Months after Phillip was born, she became active in a local mom's group. After singing with moms and their children at gatherings, she was soon asked to provide entertainment at libraries, holiday events and birthday parties. She then trained as a children's music instructor, and began to develop her interactive program. She also continued training in Kids & Teen Fitness, Primary Aerobics, Yoga and Tai-Chi.

Miss Amy was the moniker given to her by students when she first started teaching. Her programs focus on the ABC's of fitness skills; agility, balance, and coordination.

After becoming a President's Challenge Advocate in 2007, she was named President's Challenge All-American for September 2010 by the President's Challenge Program.

Miss Amy and Her Big Kids' Band
Miss Amy frequently plays live with Miss Amy & Her Big Kids' Band. The members have each earned their President's Active Life Style Awards and are experienced musicians who have performed rock, jazz, funk and classical music.

Current members
Miss Amy – vocals, guitar
Alex Otey – trumpet, keyboard, vocals
Ryan Ross – percussion
Chris Clark – double bass, etc.
James Popik – electric guitar, etc.

Solo releases
As a singer-songwriter Miss Amy has released 5 LPs, starting with Underwater in 2004. She typically writes both words and music, then arranges and adds instruments with producer Alex Otey. Her albums have been nominated for several Grammy awards. In late 2010 Healthy Food For Thought, which features her two spoken word pieces, "Bananas" and "Imagine a Garden," was nominated for a 53rd Grammy Award in the "Children's Best Spoken Word" category.

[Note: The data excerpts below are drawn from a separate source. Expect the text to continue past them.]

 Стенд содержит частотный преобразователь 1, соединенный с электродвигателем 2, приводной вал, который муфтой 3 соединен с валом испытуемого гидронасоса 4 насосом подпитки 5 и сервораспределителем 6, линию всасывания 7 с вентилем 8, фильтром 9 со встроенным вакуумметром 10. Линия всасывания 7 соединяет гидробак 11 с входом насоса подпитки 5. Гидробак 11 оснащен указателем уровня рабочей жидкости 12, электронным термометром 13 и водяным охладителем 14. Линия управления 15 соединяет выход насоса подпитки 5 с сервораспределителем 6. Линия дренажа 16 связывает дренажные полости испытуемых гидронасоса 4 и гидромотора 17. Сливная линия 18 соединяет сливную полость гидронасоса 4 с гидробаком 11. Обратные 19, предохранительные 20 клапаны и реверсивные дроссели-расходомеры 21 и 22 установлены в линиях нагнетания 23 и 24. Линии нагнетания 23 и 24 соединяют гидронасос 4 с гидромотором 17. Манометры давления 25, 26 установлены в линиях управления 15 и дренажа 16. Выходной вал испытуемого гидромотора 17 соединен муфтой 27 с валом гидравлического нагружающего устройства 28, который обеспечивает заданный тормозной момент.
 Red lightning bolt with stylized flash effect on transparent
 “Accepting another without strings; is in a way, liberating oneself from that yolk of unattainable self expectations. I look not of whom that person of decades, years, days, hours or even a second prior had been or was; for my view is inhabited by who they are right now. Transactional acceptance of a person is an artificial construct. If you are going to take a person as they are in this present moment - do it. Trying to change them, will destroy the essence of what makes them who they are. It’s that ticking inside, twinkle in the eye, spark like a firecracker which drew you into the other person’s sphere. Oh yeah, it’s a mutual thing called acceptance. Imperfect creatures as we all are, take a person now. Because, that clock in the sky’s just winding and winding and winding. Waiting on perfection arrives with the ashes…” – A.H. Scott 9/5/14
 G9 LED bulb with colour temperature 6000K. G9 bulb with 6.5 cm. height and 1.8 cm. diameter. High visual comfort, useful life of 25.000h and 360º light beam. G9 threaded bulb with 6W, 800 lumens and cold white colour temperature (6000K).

Miss Amy performed as part of the White House 2010 Egg Roll event on April 5, 2010 where the theme was based on the Let's Move! initiative of First Lady Michelle Obama. Other performers at the 2010 White House Egg Roll event included Justin Bieber, J.K. Rowling, and the cast from Glee. Miss Amy also headlined Kidstock 2010.

2011's Miss Amy's Fitness Rock & Roll was produced by Otey's husband and co-creator, Alex, and released on his label, Ionian Productions. The album features James Popik on guitar and vocals, Chris Clark on bass, Andy Janowiak and Rick Vinet on percussion, saxophonists Richie Cole and Tom Verde, and brass player Lars Wendt.

In November 2011 Fitness Rock & Roll was nominated for a 54th Grammy Award in the category of "Best Children's Album." That year Miss Amy also appeared on the Grammy-winning album All About Bullies... Big And Small. By December 2011 she had won The Lehigh Valley Music Award's "Best Children's Performer." She has appeared on television spots such as NBC 10!, and in March 2013 Shine On Hollywood Magazine presented her as one of the "Top Women Entertainment Industry Professionals."

She is to release the book Keep Kids Fit! Classroom Activity Breaks in the fall of 2013 by Open Door Publications.

Off The Map
In 2013 she released Angels Riding Shotgun, the debut album of the Americana rock band Off the Map With Miss Amy. The band has the same lineup as Miss Amy and Her Big Kids Band.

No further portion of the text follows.